A colleague of mine is reading a book that describes how to 'push past'
the urgent and make time, and room, for the important. I'm going to
read it (and I'll report back here) but somehow I don't think that's
the cure. You can't think your way out of an addiction, you have to
fight your way out. It's an emotional process, not an intellectual one.
The tendency to procrastinate is natural, human nature. Our
psychological addiction to it is almost certainly reinforced, as with
all addictions, by a physical, chemical addiction, that euphoria we get
from crossing urgent things off the "to do" list. We do not yet
understand the chemistry behind addiction, but it must be exploiting
something that, for millions of years, was a positive reinforcement --
allowed our species to survive and thrive better. It might help if we
find out what this chemistry is and how it has been perverted into our
modern addictions, including our addiction to procrastination, to the
urgent over the important, to Resistance.
There is also a discipline called Cognitive Therapy that 'teaches' you
how to alter your thinking so that your decisions on what to 'do next'
are not biased in favour of the urgent over the important. Colour me
dubious. Anything is possible, of course, including being able to
'think yourself well', but the addiction metaphor, and the resultant
treatment, make more sense to me.
In the meantime those of us afflicted need to acknowledge the disease,
the addiction, for what it is, and start to work on healing ourselves.

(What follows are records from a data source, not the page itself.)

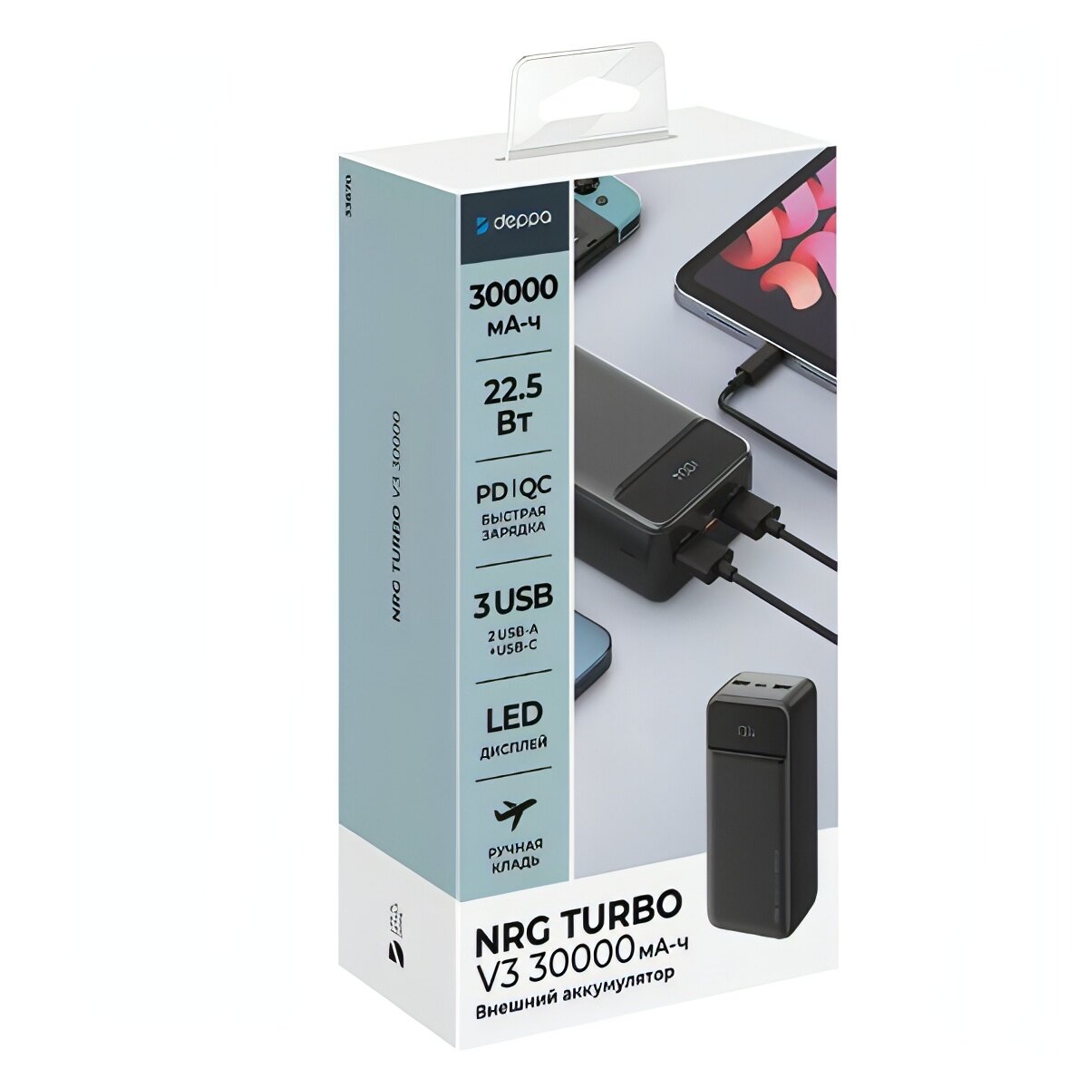 Внешний аккумулятор Deppa NRG Turbo V3 30000 mAh 22.5W (33670) черный интересное: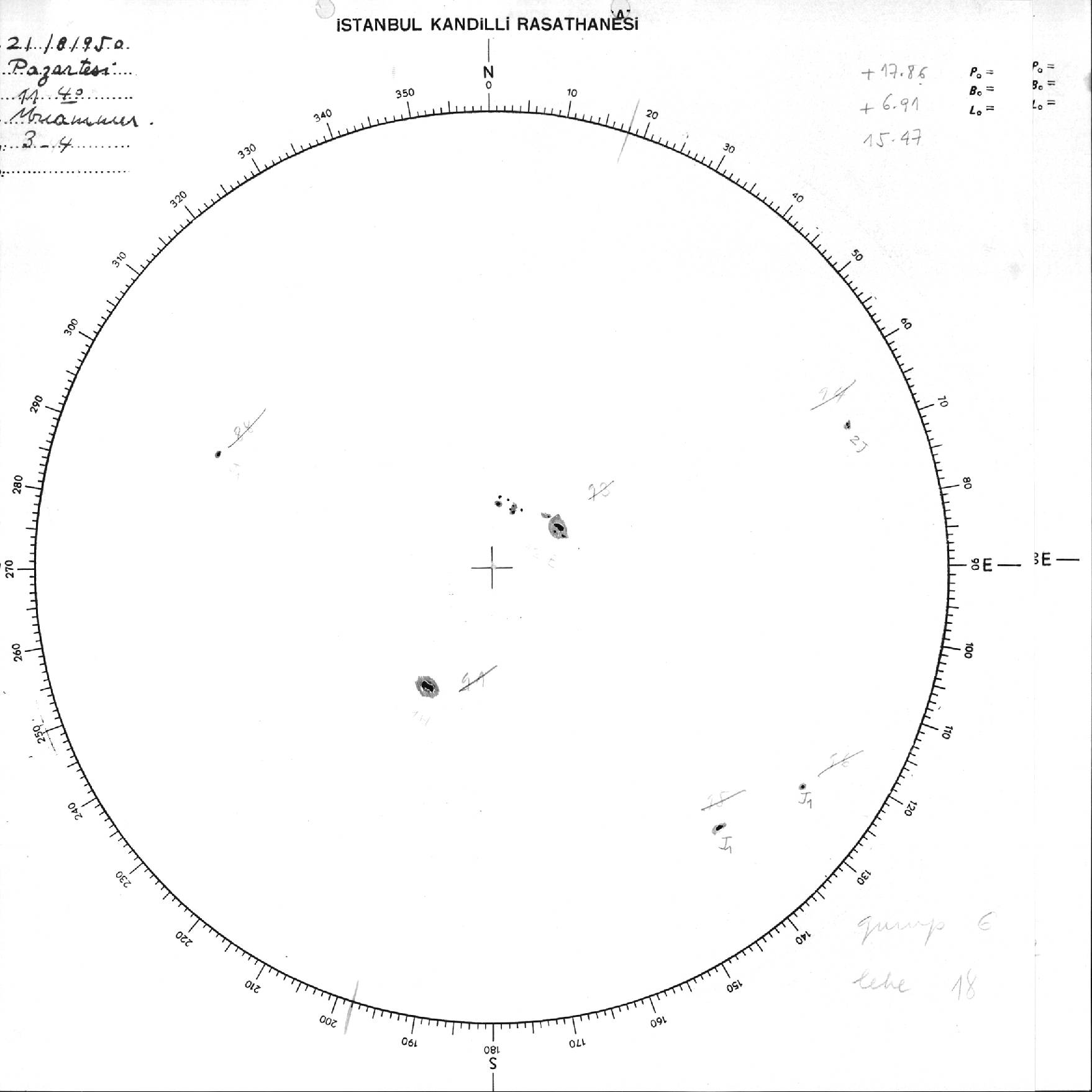 Güneş Lekesi Çizimi - 21.08.1950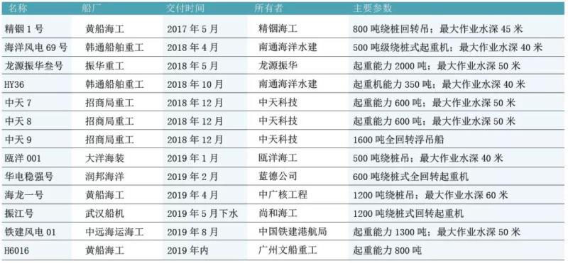 此前,國(guó)內(nèi)海上風(fēng)電項(xiàng)目的基礎(chǔ)施工和吊裝主要由中交三航局、龍?jiān)凑袢A和南通海洋水建承擔(dān),這三家企業(yè)施工經(jīng)驗(yàn)豐富并且擁有專業(yè)的船\平臺(tái)。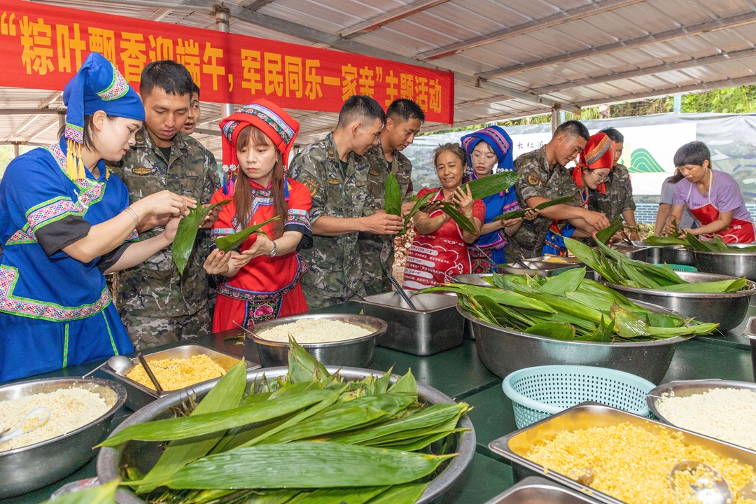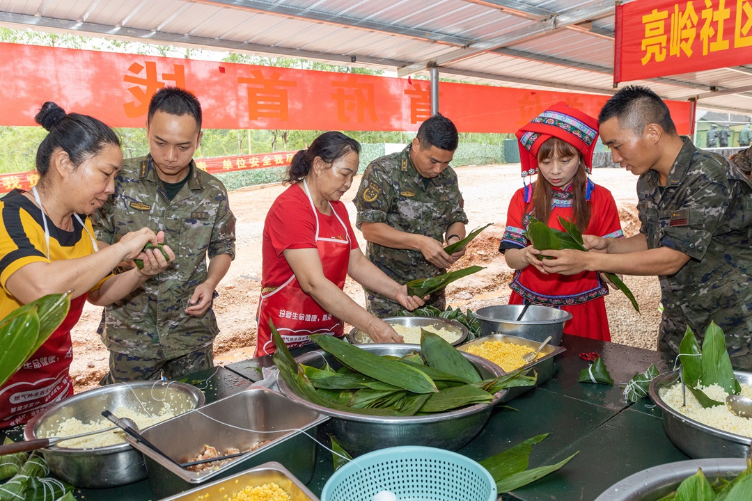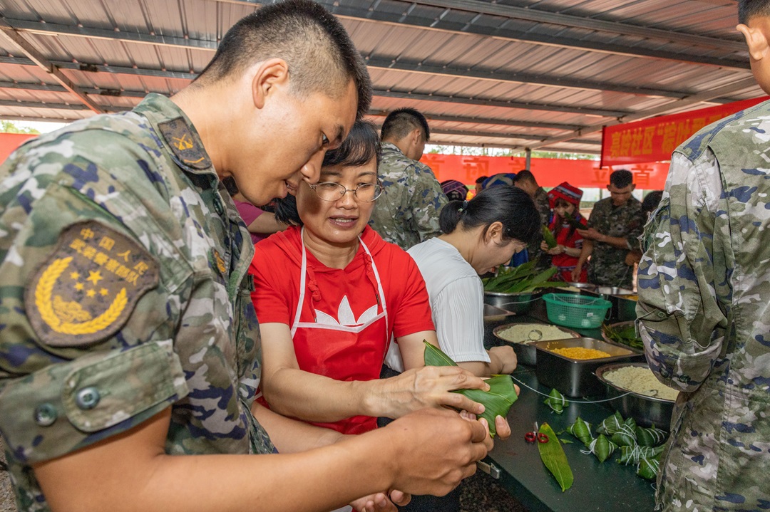 端午佳節(jié)到來(lái)之際,武警廣西總隊(duì)南寧支隊(duì)駐地群眾走進(jìn)軍營(yíng),和官兵們一起包粽子,讓官兵在第二故鄉(xiāng)感受到親情的溫暖。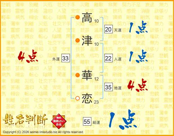 生活面を象徴する運勢です。外部から受ける影響力を表し、結婚運、家庭運や職場、環境への順応性を表します。総運から人運を引いた画数。姓や名が1文字の場合を除く。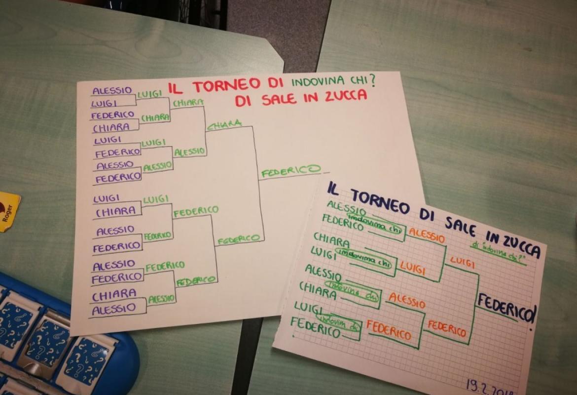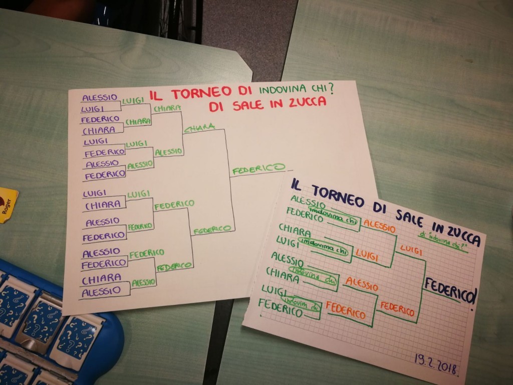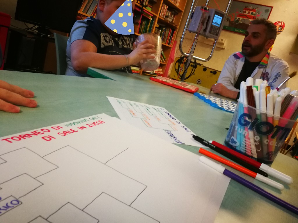 Pomeriggio di grande agonismo per i bambini dell'Oncologia Pediatrica del Gemelli. Dopo una breve fase di riscaldamento, abbiamo realizzato il tabellone del torneo di INDOVINA CHI?, con tanto di sorteggio con i biglietti nell'urna e cantando la sigla della championsleague (sempre di buon auspicio!).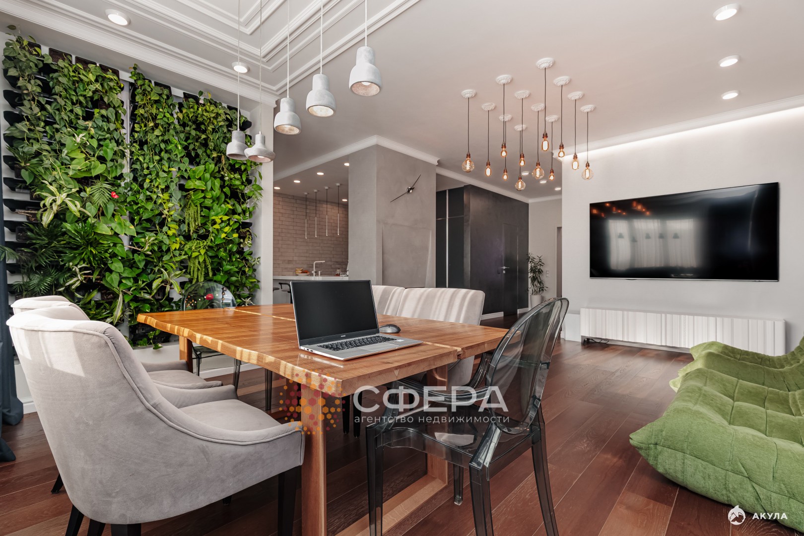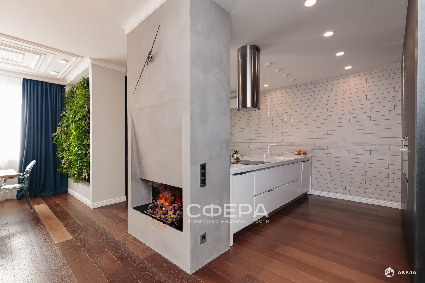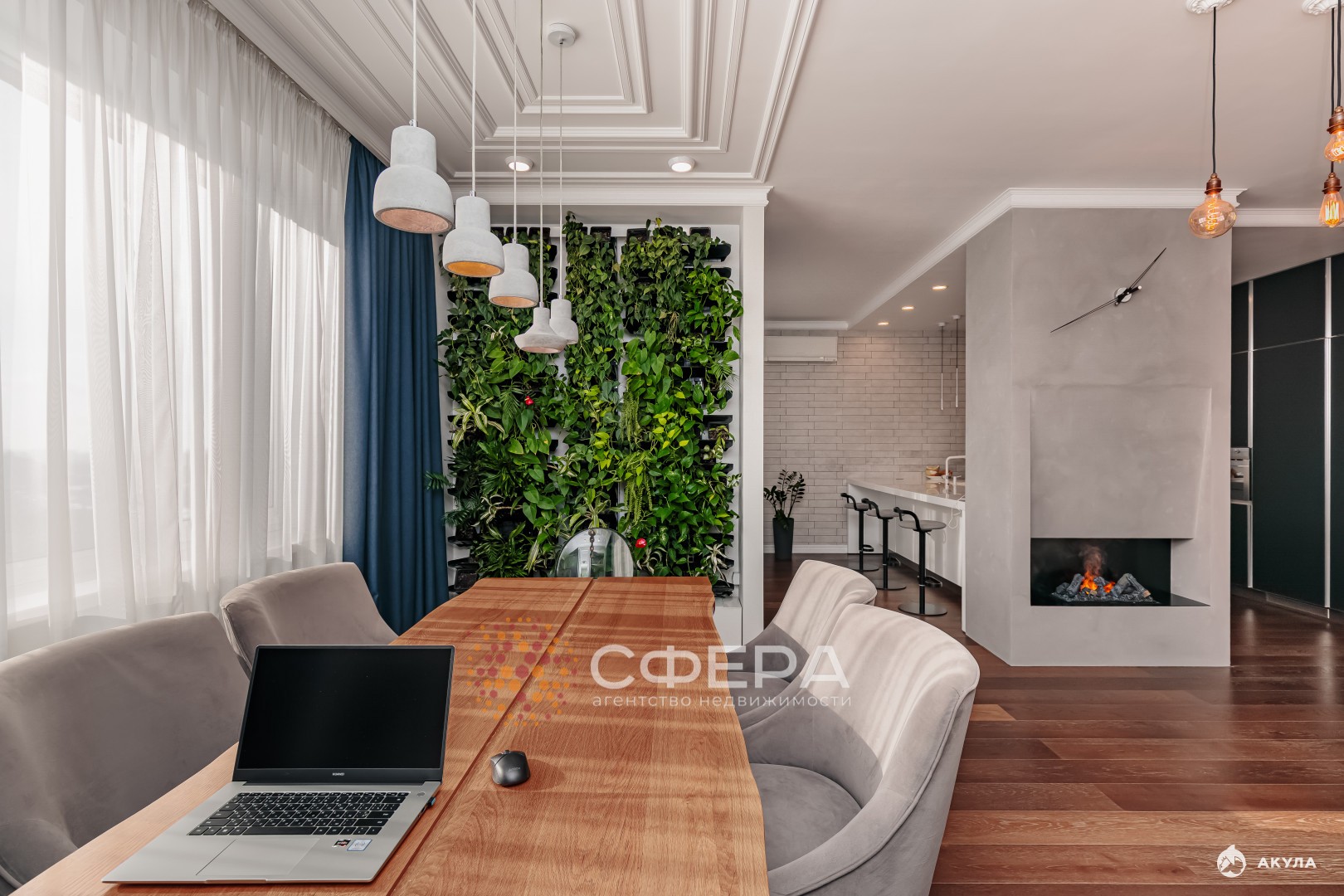 Роскошная кухня с техникой СМЭГ. Фитостена с живой зеленью и функцией автополива.

They say acknowledging the addiction is half the battle, though I doubt
that. For other addictions, the 'buddy system' seems to work, and
perhaps it's no coincidence that the buddy system is one of the most
effective methods of getting exercise and diet procrastinators back 'on
the wagon'. I'm going to start by committing to complete one of the
Next Actions on my important not-urgent list every day, and I'll report
to my "get off the pot" friends and colleagues on my progress. I might
even bore you with my progress here on the blog.
I'm still sitting here. But somehow I feel as if something has changed.
I'm still unhappy with myself, but I'm beginning to understand why.
Less shame and more impatience. It's a start.